VOICES: Turning federal anti-hunger policy into local action

It’s both a challenging and exciting time to be working on anti-hunger issues. I was proud to represent the Hall Hunger Initiative as the organization’s new Assistant Director at the recent 2023 Anti-Hunger Policy Conference in Washington, D.C. After spending the past ten years focused on urban agriculture and regenerative agriculture programs, I was eager to gain a new perspective on hunger. The Anti-Hunger Policy Conference, sponsored by the Food Research & Action Center and Feeding America, was just what I needed to frame federal policy into local action.

I was deeply moved by the lived experiences shared at the conference, and heartened by the strategies offered to get to the root cause of hunger. The conference leaders paired data-driven information with diverse human stories and even included a piece on communicating hunger through art. But I felt equally disappointed at the number of persistent barriers to accessing healthy food and the stigma that surrounds hunger.

For example, we recently saw legislators supporting tighter work requirements for programs like SNAP (Supplemental Nutrition Assistance Programs) in the belief that these achieve meaningful jobs for adults. Data shows this is incorrect. Adding barriers only results in more red tape for already overstretched government employees, and more people — including children — going hungry. It does not help those unemployed secure good jobs any faster, and it’s one more hurdle for those who are working to create a better life.

That stigma is a huge barrier keeping many from taking advantage of opportunities for food. We know that children pass up the opportunity for free food at school because of lunch shaming, and older folks don’t want to be seen as needing help resulting in low rates of participation despite reports of hunger in older populations. We know that one in six people in our military struggle with hunger and the stigma of asking for help hits hard with them.

When we think about hunger, we may conjure a particular image in mind.

We have created storylines around hunger and who it affects. But if we look at both the data and the lived experiences around hunger, we see that it is in fact a widespread problem. A false narrative places blame on the individual and hides the flaws in the system. It avoids getting to the root of the problem: Economic injustice. The question isn’t who is deserving of food, but why the richest nation in the world continues to have tens of millions of its citizens go hungry?

Our elected officials have a responsibility to remove structural barriers so everyone can contribute to our society and strive for personal prosperity. However, we can’t leave the effort solely in the hands of our elected officials. Each of us has a role as well. It starts with rejecting the stereotypes associated with hunger. We can do this by listening to the stories of people with lived experiences and participating in difficult but necessary conversations around equity and inclusivity. And with that knowledge we can begin promoting fact over assumption.

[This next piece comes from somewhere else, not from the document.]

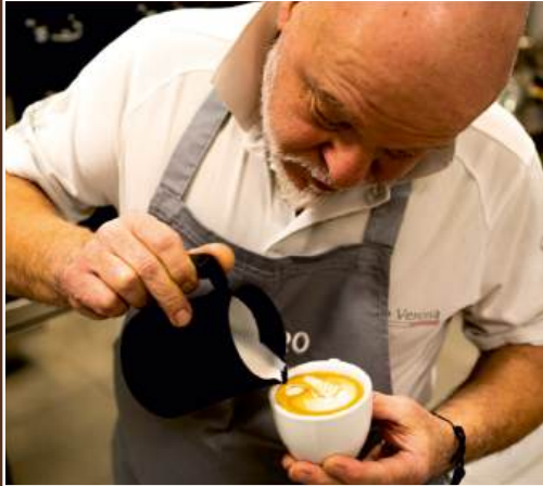
Oefenen in het lab van de Costadoro Academie

Costadoro hecht het grootste belang aan het opleiden van professionals en het verspreiden van de Koffie cultuur door het organiseren van één op één lessen, speciale evenementen en praktijkproeven. De toegewijde cursussen bieden verschillende trainingsniveaus, waarbij alle onderwerpen en disciplines aan bod komen: basis koffiezetten, koffie sensorische evaluatie, koffiezetten, latte art, marketing en management. Het is ook mogelijk om IAC- en SCA-examens af te leggen voor erkende kwalificaties zoals het koffieproeversbrevet of de internationale certificeringen van het Coffee Diploma System.

For those in our community who have a choice of where to shop and what to support, it’s important to remember that there are direct ways to invest in equity here in the Miami Valley. Look for locally owned businesses that pay a living wage and support local growers like Gem City Market, West Social Tap & Table and 2nd Street Market. Consider purchasing a CSA share from a local farm or joining or donating to a community garden. Eat at restaurants that support local farmers and donate food, time or money to the effort to reduce hunger.

Representing the legacy of our organizational founder, Ambassador Tony Hall, I view my role at Hall Hunger Initiative as one to advocate for the removal of barriers in our community. My biggest take away from the anti-hunger conference is this simple message — hunger is a community challenge that can only be solved by a strong community response. We have a history of innovation here in the Miami Valley and I believe we can use that spirit to come together to end hunger.

Alex Klug is Assistant Director of the Hall Hunger Initiative, a non-profit founded by Ambassador Tony Hall and dedicated to working with community partners to build a just and sustainable food system.